|Reviews for Conflicting Innards|
| rolliepollie44 2/9/09 . chapter 1
Wow. Another where you'd think it'd be angsty but you did a good job of keeping it not. At first I thought it was going to be happy but then you twisted it and it converted very well. I like the simple "I am so brokenhearted". Perfect way to transition. Amazing job. :)
| WonderWing 10/14/08 . chapter 1
Damn, that is conflicting.
I bet you get this a lot- you tell people you feel bad and talk about it, and they end up saying 'you'll be alright, you're a good kid'. Lotta help that does though.
I like your writing style, it still has the directness of youth but it has the subtlety of a mature writer. Sometimes being a poet sucks, it feels like you are the only one really aware of a lot of things, even when others tell you they know how you feel, they never seem to have to really 'live with it' like you do.

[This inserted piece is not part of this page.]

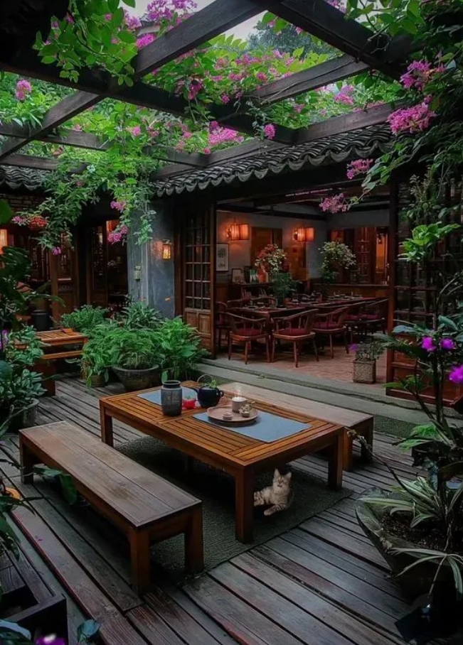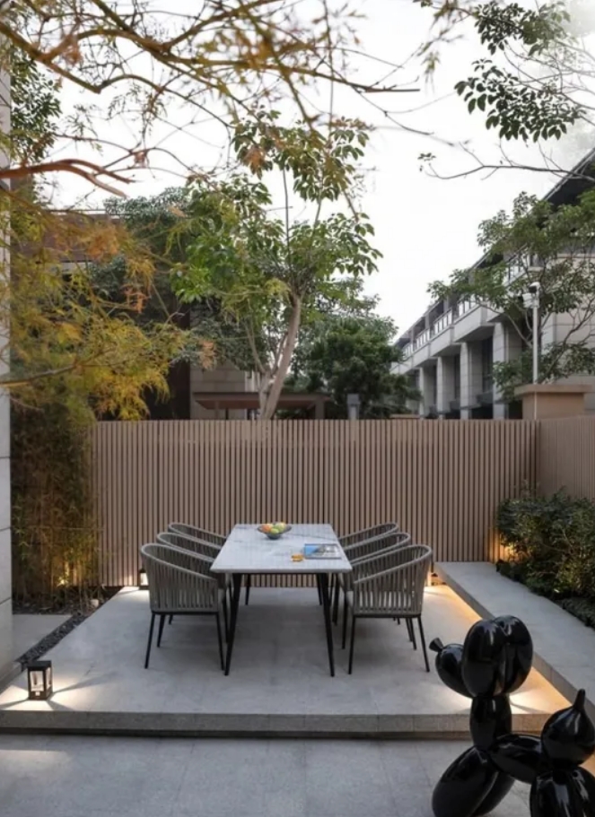通過裝飾元素、色彩搭配和家具布局營造溫馨的用餐氛圍,戶外餐廳的設計應與庭院的整體風格和周圍環境相融合,創造出和諧的戶外空間。

Hope you keep writing, sorry for the compliments / I think the only improvement you can make is to keep writing, though. Hmm... also, this poem seems a little choppy. Try elaborating more- you could probably make this poem helluva lot better just by doubling the stanza size. Add some supporting emotional detail, don't just tell the reader what you feel in one-sentence 'let-you-knows' as I call em. You use quite a few metaphors in this poem, but it's good to use analogies, as well, it adds depth to the otherwise 2d impression of a metaphor standin by itself.
That's my input, have a good one man!
| opposites-can-and-WILL-attract 10/13/08 . chapter 1
Very good, it expresses your feelings beautifully :) God knows lots of people feel like that at times.